→ **Records provided**:

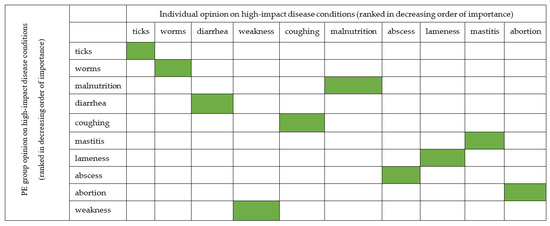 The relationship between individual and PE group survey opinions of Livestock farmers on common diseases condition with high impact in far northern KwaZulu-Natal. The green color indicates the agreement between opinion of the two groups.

...

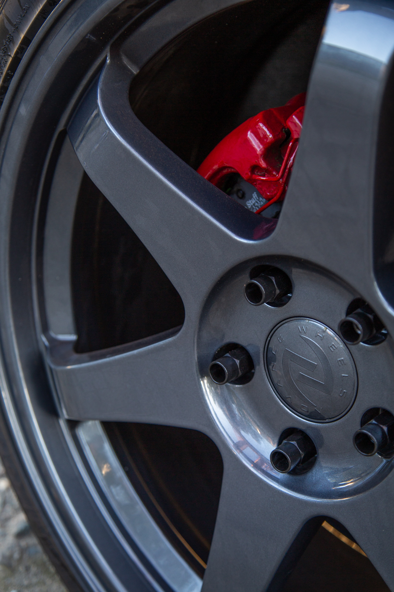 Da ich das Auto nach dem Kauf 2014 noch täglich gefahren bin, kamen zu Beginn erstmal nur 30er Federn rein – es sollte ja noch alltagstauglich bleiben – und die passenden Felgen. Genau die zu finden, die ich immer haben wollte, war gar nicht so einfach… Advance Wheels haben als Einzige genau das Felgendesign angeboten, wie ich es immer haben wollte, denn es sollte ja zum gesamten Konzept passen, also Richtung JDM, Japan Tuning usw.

==

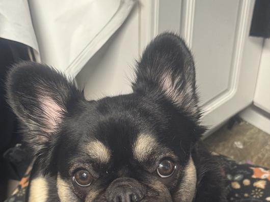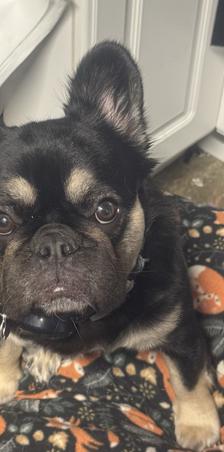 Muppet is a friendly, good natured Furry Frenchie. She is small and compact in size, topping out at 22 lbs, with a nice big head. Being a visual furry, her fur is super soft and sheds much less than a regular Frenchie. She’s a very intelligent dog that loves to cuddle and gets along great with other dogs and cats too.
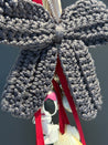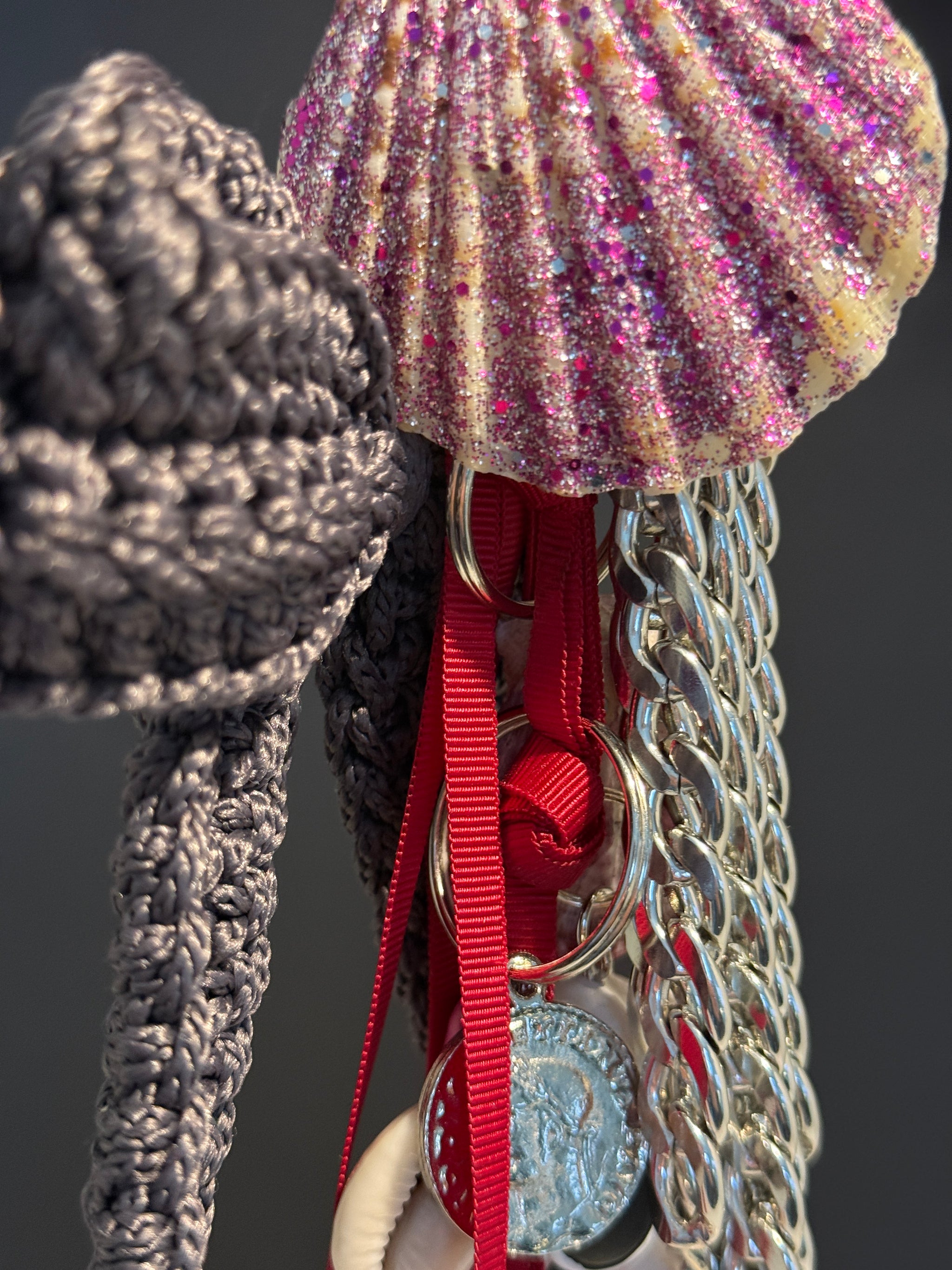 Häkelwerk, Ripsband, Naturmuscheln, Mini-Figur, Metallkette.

→ **What is expected**: In the data above, find the line containing "Muppet is a" and the line containing "Häkelwerk, Ripsband, Naturmuscheln, Mini-Figur, Metallkette.". Copy exactly the stretch from the first through the second, both included, leaving out any picture.

→ **Task solution**:
 Muppet is a friendly, good natured Furry Frenchie. She is small and compact in size, topping out at 22 lbs, with a nice big head. Being a visual furry, her fur is super soft and sheds much less than a regular Frenchie. She’s a very intelligent dog that loves to cuddle and gets along great with other dogs and cats too.
 Häkelwerk, Ripsband, Naturmuscheln, Mini-Figur, Metallkette.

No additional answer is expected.